Race Day – Boston Marathon Day
With 1/3 of the athletes that typically run, it was a much smaller field and less time spent standing around than previously. One runner, who was going for his second sub 3 after coming from London and achieving a sub 3, noted how he barely had time to warm up because they told him to start nearly 10 mins after getting off the bus and checking in bags. They were prompt, and the race was a well-oiled machine this year. As a runner from 2018, I saw a lot of positive changes, such as the wrist bands from covid testing to even transportation. There was a mixup on transportation as a few buses were lost. HA! There was crowd support, and everything was a traditional Boston marathon with tons of cheering; the Wesley attendees were still out sans kisses for runners and tons of celebration along the route.
It was less and felt like a regular race as typically it’s backed shoulder-to-should, but security was tight, and everyone was mostly masked up. The joy of the race was back, but I could feel the difference from it being Spring to Fall.
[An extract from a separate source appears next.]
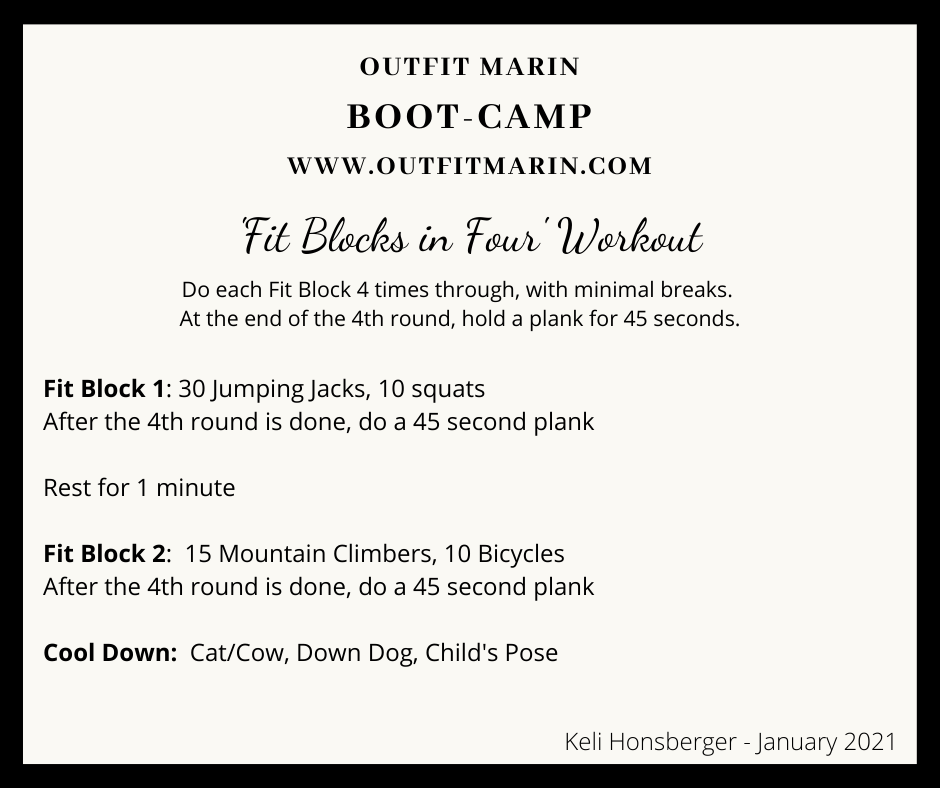 After each 4 minute Fit Block, you’ll do a 45 second plank. It’s not part of the 4 minutes or 4 rounds. It’s what we call a “cash out”. It’s like when you leave one casino for another. You cash out. I guess. I don’t gamble.

The change was relatively lovely, and Fall foilage on the East is always a plus.
There were a few places to grab medal engravements, such as Undermour, as always, and Tracksmith handed out their poster collection with printed times on it. Things were pretty standard on this route.
The spirit of Boston is something I can’t describe. While it’s a major world race, the Boston marathon brings out the best of people and changes you internally. There is just something about the race that I always leave reflecting upon how privileged I am to be here and part of the running community. When people ask me why I run, I always share that it’s an excuse to travel and see the world. Most people follow up and say, well, you can travel.
For me. When I visit a city, state, or country just for traveling, I only see it. But when you run, you feel it.
That’s what this weekend was. You can feel the history of the race and the stories of us as runners throughout this weekend—the changes that have happened and the ones that are being made. For me, this renewed my goal of completing the world majors and becoming a 6-star finisher. It also meant it would be my next marathon as I am now ready to train for it and hopefully achieve my 3rd star there.